You might think of a triangle as the intersection of three half-spaces. To find the number of points inside the triangle A, B, C, we first consider the set of points on one side of an infinite line in the direction AB. Let these sets L (AB) and R (AB) for points on the left and on the right. In the same way, you and the other two edges build the sets L (AC) and R (AC) and the sets L (BC) and R (BC).
Thus, the number of points in ABC will be the number of intersection points of L (AB), L (AC) and L (BC). (Instead, you can consider R (AB) depending on the orientation of the triangle).
Now, if we want to consider a complete set of 500 points.
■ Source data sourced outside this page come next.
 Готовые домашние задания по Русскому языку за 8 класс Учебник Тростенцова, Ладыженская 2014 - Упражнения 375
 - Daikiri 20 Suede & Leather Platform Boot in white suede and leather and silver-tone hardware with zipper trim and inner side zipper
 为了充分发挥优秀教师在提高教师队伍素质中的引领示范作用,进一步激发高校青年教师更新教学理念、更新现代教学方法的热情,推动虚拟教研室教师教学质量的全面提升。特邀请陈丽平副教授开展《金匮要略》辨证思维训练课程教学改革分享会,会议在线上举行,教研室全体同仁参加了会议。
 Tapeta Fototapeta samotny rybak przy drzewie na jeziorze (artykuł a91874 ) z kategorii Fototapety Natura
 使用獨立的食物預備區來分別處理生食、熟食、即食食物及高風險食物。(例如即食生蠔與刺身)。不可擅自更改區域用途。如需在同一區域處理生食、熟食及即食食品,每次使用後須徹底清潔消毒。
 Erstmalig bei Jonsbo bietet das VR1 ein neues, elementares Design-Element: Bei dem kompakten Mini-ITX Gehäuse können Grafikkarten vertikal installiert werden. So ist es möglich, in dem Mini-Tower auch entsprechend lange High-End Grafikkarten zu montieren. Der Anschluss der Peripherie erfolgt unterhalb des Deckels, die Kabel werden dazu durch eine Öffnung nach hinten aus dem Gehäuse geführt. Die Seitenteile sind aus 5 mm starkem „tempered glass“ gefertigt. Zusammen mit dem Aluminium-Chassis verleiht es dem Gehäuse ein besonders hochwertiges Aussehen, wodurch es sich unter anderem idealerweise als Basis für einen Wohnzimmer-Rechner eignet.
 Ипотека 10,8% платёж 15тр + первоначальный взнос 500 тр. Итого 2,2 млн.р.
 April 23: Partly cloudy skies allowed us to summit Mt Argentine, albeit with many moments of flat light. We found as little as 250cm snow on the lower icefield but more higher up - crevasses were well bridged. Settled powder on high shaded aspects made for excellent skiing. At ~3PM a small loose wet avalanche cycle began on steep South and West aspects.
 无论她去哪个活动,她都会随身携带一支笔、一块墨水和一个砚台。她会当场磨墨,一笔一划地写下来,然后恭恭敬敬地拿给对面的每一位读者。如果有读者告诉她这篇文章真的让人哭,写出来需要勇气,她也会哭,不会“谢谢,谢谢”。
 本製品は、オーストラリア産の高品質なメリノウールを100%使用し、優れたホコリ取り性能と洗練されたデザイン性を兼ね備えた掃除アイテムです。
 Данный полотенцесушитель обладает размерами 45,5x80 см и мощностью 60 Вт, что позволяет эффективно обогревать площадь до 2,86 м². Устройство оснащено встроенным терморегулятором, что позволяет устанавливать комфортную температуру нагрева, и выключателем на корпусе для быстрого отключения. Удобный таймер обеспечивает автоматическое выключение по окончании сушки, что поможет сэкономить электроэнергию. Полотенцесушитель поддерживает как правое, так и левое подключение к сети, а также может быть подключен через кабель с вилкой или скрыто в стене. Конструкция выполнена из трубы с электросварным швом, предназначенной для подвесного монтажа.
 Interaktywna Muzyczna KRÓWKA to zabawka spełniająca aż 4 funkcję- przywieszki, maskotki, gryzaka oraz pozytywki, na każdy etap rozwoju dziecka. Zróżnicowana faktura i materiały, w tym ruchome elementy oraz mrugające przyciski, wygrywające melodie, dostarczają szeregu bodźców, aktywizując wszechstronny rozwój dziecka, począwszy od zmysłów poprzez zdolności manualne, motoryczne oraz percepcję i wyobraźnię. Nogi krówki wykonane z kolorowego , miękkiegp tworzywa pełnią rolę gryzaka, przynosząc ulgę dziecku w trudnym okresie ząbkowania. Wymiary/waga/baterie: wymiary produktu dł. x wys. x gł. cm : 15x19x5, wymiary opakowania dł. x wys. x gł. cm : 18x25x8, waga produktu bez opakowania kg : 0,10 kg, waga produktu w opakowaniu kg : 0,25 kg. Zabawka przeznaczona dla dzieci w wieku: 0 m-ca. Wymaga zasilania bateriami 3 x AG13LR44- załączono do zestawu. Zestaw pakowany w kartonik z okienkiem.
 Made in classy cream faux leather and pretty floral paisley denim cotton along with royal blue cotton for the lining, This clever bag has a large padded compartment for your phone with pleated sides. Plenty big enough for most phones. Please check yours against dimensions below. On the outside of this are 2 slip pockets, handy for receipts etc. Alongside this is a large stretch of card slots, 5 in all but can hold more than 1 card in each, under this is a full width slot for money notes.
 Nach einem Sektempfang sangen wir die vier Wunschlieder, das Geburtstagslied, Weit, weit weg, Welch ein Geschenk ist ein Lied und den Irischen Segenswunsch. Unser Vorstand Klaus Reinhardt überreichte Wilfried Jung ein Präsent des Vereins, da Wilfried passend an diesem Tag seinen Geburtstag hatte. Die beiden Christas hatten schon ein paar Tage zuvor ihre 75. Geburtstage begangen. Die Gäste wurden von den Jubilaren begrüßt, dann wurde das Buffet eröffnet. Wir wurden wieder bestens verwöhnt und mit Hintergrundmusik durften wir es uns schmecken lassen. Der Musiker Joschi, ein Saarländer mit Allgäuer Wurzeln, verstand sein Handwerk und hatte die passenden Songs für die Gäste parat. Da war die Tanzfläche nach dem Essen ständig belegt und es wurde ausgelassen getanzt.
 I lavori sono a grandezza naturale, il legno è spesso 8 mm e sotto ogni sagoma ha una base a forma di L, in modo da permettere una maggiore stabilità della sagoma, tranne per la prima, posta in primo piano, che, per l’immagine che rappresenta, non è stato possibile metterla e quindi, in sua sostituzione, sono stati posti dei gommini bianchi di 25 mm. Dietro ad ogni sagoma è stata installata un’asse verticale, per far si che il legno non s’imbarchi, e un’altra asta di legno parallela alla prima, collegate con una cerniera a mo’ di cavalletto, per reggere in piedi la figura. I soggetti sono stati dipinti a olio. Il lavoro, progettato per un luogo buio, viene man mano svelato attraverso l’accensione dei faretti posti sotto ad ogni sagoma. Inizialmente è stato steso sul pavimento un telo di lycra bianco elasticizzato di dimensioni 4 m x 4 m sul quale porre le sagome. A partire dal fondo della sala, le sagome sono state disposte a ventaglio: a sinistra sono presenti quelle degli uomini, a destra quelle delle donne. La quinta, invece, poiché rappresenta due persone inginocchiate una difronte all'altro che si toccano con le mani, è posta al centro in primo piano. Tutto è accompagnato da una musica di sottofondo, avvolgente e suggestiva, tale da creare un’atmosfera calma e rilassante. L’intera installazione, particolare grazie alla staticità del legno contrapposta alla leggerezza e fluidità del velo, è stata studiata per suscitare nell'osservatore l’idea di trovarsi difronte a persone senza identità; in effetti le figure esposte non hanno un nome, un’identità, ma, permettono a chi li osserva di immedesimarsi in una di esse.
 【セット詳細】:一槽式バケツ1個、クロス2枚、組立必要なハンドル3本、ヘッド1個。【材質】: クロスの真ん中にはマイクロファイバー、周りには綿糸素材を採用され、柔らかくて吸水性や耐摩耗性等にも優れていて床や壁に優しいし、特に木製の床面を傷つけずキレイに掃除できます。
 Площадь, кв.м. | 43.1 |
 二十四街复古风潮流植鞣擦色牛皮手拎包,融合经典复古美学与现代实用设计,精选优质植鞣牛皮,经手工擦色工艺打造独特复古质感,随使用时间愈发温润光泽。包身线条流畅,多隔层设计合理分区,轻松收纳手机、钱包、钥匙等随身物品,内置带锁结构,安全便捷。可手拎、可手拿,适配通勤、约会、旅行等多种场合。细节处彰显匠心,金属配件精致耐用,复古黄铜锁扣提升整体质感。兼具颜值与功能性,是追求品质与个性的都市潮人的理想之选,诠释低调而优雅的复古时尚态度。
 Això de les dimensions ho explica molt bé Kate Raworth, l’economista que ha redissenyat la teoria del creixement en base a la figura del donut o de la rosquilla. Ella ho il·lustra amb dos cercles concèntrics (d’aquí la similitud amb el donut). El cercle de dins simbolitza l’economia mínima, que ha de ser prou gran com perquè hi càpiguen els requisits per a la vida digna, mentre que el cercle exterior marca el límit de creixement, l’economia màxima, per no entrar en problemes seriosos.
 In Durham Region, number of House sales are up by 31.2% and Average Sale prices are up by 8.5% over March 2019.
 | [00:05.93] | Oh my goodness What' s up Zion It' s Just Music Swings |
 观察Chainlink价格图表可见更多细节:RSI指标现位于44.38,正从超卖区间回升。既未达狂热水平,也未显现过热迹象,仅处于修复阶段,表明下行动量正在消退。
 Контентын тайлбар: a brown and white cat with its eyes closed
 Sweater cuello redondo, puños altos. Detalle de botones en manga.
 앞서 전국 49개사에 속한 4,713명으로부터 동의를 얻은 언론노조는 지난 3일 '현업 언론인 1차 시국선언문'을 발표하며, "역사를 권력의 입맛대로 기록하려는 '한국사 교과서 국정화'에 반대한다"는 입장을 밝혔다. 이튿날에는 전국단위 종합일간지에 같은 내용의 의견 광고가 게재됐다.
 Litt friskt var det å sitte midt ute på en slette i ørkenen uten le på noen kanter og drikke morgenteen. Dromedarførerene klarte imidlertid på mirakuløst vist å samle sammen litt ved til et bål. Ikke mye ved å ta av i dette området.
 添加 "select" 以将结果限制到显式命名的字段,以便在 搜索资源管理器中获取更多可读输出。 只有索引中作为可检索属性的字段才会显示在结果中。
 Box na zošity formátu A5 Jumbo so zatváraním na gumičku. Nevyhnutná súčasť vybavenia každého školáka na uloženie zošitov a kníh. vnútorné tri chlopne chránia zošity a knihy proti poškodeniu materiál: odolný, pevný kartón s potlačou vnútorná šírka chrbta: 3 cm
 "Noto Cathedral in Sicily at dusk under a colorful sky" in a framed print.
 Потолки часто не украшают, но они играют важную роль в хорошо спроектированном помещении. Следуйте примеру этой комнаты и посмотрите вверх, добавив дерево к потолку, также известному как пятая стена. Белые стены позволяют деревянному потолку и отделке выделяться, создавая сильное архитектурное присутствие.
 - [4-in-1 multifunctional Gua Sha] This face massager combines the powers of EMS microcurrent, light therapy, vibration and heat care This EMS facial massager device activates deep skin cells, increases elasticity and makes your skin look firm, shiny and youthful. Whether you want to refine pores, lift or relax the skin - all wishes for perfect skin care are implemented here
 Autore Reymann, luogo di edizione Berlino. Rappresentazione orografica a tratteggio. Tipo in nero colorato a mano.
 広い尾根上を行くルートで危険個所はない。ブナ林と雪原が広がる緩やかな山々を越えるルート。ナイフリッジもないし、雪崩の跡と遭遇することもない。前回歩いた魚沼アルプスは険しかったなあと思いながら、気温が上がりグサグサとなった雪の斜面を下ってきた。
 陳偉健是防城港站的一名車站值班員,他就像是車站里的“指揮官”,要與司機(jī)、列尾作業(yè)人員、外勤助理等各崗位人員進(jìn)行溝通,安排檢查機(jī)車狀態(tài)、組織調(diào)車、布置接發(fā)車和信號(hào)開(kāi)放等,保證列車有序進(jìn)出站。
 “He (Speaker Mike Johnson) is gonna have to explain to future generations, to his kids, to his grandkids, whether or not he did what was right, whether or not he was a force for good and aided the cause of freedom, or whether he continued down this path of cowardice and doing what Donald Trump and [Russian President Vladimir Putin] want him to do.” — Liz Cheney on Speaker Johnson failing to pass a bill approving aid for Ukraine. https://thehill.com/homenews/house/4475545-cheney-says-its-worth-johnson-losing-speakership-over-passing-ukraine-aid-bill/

First, take all pairs of points AB and construct the sets L (AB) and R (AB). This will lead to O (n ^ 3) operations.
Then we check all the triangles and find the intersections of the three sets. If we use a hash table structure for sets, then finding intersection points is like a hash table. If L (AB) has l elements, L (AC) has m elements and L (BC) n elements. Say l> m> n. For each point in L (BC), we need to search in L (AC) and L (BC) so that there is a maximum of 2n searches in the hash table.
You might find it easier to look at the geometric search table. Divide your entire domain into a coarse grid, say, a 10 by 10 grid. Then we can put each point in the set G (i, j). Then we can split the sets L (AB) into each grid cell. Let's say we call these sets L (AB, i, j) and R (AB, i, j). When testing for intersections, the first training session, the grid cells of which lie at the intersection. This greatly reduces the search space, and since each set L (AB, i, j) contains fewer members, there will be fewer hash table queries.